Les Fleurs d’hiver, l’histoire d’une femme de gueule cassée

Les Fleurs d’Hiver, écrit par Angélique Villeneuve, publié aux Éditions Phébus en 2014, est un roman du retour impossible en même temps qu’une pierre qui se démarque dans l’édifice de la littérature de mémoire de la grande guerre.

Lorsque Toussaint retourne en octobre 1918 auprès de sa femme Jeanne et de sa fille Léonie qu’il n’a pas vue grandir, il est méconnaissable. L’histoire est celle de la femme qui doit accueillir ce monstre meurtri au visage cassé et caché sous un voile de silence. Celle de la confrontation avec l’étrangeté qui surgit dans la familiarité, ébranle la routine. Un an plus tôt, dans sa dernière lettre, il lui avait écrit : « Je veux que tu viennes pas ». Il s’agit de réapprendre à vivre ensemble.

Jeanne est ouvrière fleuriste, Toussaint ressemble à une fleur froissée, et une sorte de mimosa pudique, qui se referme quand on le touche, et fuit la maison pour retrouver ses compagnons de guerre dans un café sombre, seul endroit où il semble reprendre vie.

À la lecture, la violence des images des gueules cassées d’Otto Dix cotoie la délicatesse du langage des fleurs qui rappelle celui qu’utilise Félix de Vandenesse pour signifier son désir à Madame de Mortsauf , dans le Lys dans la vallée de Balzac.

« Les pétales se trempent dans un bain d’ophélia étendu d’eau et d’alcool. Ils sont ensuite striés, piquetés, panachés, à l’aide d’un pinceau de martre, boulés, pincés et enfin montés sur le cep pour former la fleur la plus ravissante qui ait jamais paré chapeau de femme. 

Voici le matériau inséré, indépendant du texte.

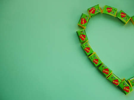 Germany, Berlin - March 3, 2020: Love Is.. Bubble Gum . Various Flavors of Love Is Chewing Gum with Liners About Love in Pile.March 8 gift concept. top view
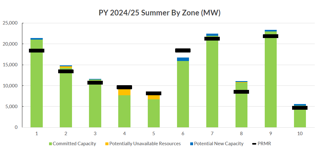 Notice it is PRMR—that’s the black line. Most zones have enough capacity (the black line is consistently lower than the green bar) except for Zones 4, 5, and 6.
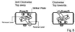 Assembling The Traverse Unit On To The Shaft. Adjust pitch setting at 10 on dial. Removing The Unit From The Shaft: The unit can be removed from shaft by rotating the shaft in opposite direction. 2) Reversal For the reversal, system to operate a minimum distance of travel equivalent approximately to diameter of the shaft is required. The reversal time is pitch related (see fig 6 ). Consequently, as the pitch is increased, there is a very slight increase in traverse stroke length (and decrease if the pitch is reduced). Difference in stroke length also occurs when shaft speed is varied significantly without altering the pitch. 3) Direction of Shaft Rotation and How to Modify Traverse Unit to Suit required Direction of Rotation of Shaft The reversal mechanism is dependent on direction of shaft rotation. For the reversal mechanism to operate shaft has to be rotated in correct direction of rotation. When shaft is rotated in correct direction the bearing end of the release lever points towards the direction of travel of the unit. If this is not the case, the reversal mechanism can be altered as described below. |

Notre homme est maintenant dans de bonnes conditions et va quitter le Val-de-Grâce pour retourner à son corps. »

Au cœur du roman réside la superposition des imaginaires, certainement pour répondre à la difficulté de dire, tant du fait de l’indicible d’une expérience singulière que de la profusion des œuvres qui se tournent vers ce thème, en partie dans un devoir de mémoire.

Rassembler les fleurs. Recoudre le visage déformé. Tisser les liens de nouveau.

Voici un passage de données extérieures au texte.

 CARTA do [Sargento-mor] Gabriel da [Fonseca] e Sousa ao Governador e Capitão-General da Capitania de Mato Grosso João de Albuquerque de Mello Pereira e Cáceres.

Le travail que décrit le roman est manuel – corporel, car Toussaint ne parle pas. C’est un travail long et éprouvant.

À cela s’ajoute le travail artisanal d’écriture, qui soude la forme et le fond. L’écriture de l’auteur est un peu destructurée, tantôt ordinaire et discrète, mimétique du silence que Jeanne s’efforce de rompre, tantôt très minutieuse, à la recherche de l’image la plus juste pour nous faire revivre le difficile processus de reconstruction de l’après-guerre.

Le roman fait naître un point de vue original, celui de la femme de la gueule cassée, et une parole sobre et saisissante, d’une violence douce, qui, à l’heure du centenaire de la fin de la grande guerre, mérite d’être re-découverte.